→ **EXERCISE DATA**
=== Section Start ===

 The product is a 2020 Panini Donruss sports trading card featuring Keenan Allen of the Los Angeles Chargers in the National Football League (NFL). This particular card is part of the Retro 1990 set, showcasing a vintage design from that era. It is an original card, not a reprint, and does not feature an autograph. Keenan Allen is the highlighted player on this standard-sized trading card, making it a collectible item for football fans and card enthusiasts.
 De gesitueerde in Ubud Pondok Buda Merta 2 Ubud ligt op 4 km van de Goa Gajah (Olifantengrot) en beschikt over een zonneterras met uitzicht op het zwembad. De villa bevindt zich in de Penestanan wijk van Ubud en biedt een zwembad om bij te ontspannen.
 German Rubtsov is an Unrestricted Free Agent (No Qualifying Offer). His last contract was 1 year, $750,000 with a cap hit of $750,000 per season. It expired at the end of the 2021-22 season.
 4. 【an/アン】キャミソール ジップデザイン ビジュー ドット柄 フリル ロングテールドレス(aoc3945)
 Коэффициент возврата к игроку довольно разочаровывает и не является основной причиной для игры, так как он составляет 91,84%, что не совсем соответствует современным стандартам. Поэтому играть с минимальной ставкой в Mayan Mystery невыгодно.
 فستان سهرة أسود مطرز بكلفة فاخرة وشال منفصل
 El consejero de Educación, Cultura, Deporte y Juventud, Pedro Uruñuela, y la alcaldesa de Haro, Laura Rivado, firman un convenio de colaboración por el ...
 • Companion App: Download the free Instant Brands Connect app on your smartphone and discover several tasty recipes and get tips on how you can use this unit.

=== Section End ===
=== Section Start ===

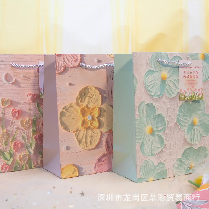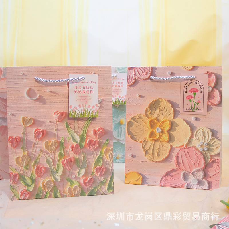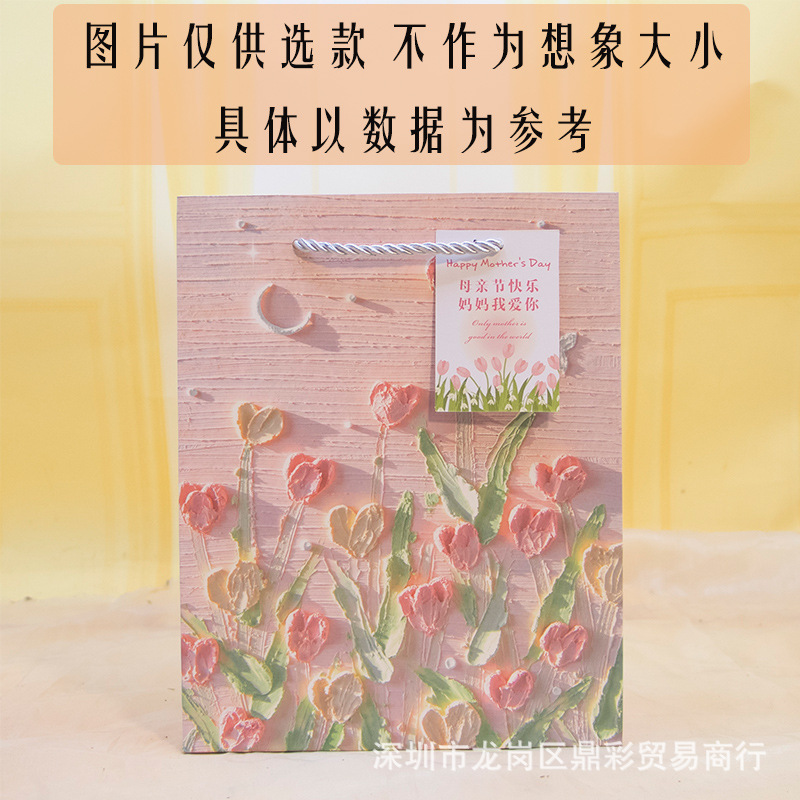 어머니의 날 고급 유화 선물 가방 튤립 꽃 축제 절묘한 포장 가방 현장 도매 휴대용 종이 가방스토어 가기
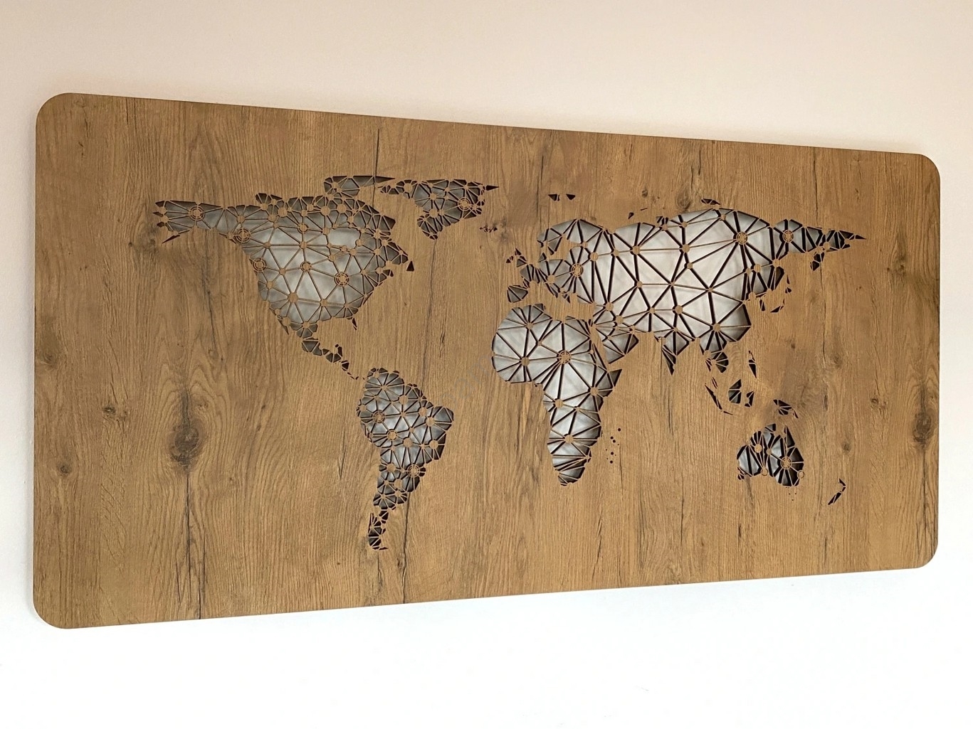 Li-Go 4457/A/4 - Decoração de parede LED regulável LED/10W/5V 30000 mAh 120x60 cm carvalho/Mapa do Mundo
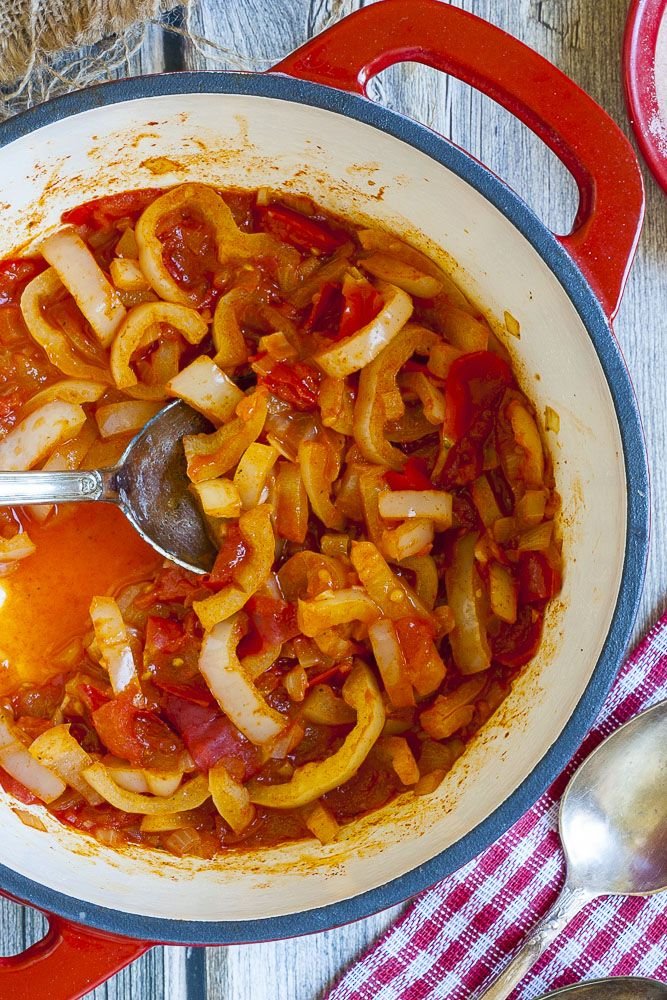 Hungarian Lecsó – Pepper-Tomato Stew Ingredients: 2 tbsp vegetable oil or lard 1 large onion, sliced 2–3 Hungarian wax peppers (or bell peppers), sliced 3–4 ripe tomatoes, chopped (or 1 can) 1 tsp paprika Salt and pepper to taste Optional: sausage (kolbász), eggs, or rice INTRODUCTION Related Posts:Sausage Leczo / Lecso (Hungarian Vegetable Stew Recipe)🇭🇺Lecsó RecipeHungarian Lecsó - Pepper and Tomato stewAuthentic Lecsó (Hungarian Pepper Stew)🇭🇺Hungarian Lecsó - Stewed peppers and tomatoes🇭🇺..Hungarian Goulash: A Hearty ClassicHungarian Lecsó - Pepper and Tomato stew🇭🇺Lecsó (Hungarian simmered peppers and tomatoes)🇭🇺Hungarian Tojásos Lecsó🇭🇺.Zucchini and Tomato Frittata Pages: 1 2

=== Section End ===

→ **YOUR ASSIGNMENT**
Give back, exactly as written, the stretch from the line with "4. 【an/アン】キャミソール ジップデザイン" through the line with "Коэффициент возврата к", and no other lines from the records above.

→ **SOLUTION TO THIS EXERCISE**
 4. 【an/アン】キャミソール ジップデザイン ビジュー ドット柄 フリル ロングテールドレス(aoc3945)
 Коэффициент возврата к игроку довольно разочаровывает и не является основной причиной для игры, так как он составляет 91,84%, что не совсем соответствует современным стандартам. Поэтому играть с минимальной ставкой в Mayan Mystery невыгодно.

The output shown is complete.